[llvm] a751240 - [LV] Prevent vectorization with unsupported element types.
Kerry McLaughlin via llvm-commits
llvm-commits at lists.llvm.org
Tue Jul 6 05:33:40 PDT 2021
Author: Kerry McLaughlin
Date: 2021-07-06T13:06:21+01:00
New Revision: a7512401e5a2cc7a1d0805fc4daf0c808e9d502d
URL: https://github.com/llvm/llvm-project/commit/a7512401e5a2cc7a1d0805fc4daf0c808e9d502d
DIFF: https://github.com/llvm/llvm-project/commit/a7512401e5a2cc7a1d0805fc4daf0c808e9d502d.diff
LOG: [LV] Prevent vectorization with unsupported element types.
This patch adds a TTI function, isElementTypeLegalForScalableVector, to query
whether it is possible to vectorize a given element type.
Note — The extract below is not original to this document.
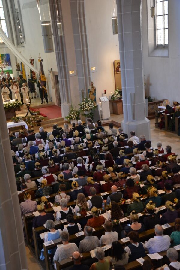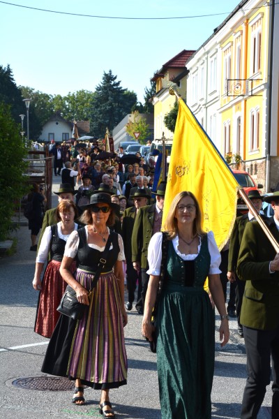 Den Festgottesdienst mit anschließender Kräutersegnung zelebrierte Pfarrer Helmut Prader. Die musikalische Umrahmung des Festgottesdienstes gestalteten ein Harmonikaensemble unter der Leitung von Ingrid Nagl-Strasser, der Kirchenchor Haag unter der Leitung von Sabine Stollnberger und eine Bläsergruppe unter der Leitung von Ewald Huber, der auch die Orgel spielte. Im Rahmen der Wallfahrt überreichte Daniela Heinzl, Obfrau der Mostviertler Goldhauben- und Trachtengruppen und Mitglied im Vorstand des Landesverbands für regionale Kulturarbeit Volkskultur Niederösterreich, Ehrenzeichen des Verbands an neun verdiente Mitglieder, darunter Obfrau Maria Sturm und acht Fahnenträger aus den Reihen der Goldhauben- und Trachtengruppen des Mostviertels.

This is called by
isLegalToVectorizeInstTypesForScalable to reject scalable vectorization if
any of the instruction types in the loop are unsupported, e.g:
int foo(__int128_t* ptr, int N)
#pragma clang loop vectorize_width(4, scalable)
for (int i=0; i<N; ++i)
ptr[i] = ptr[i] + 42;
This example currently crashes if we attempt to vectorize since i128 is not a
supported type for scalable vectorization.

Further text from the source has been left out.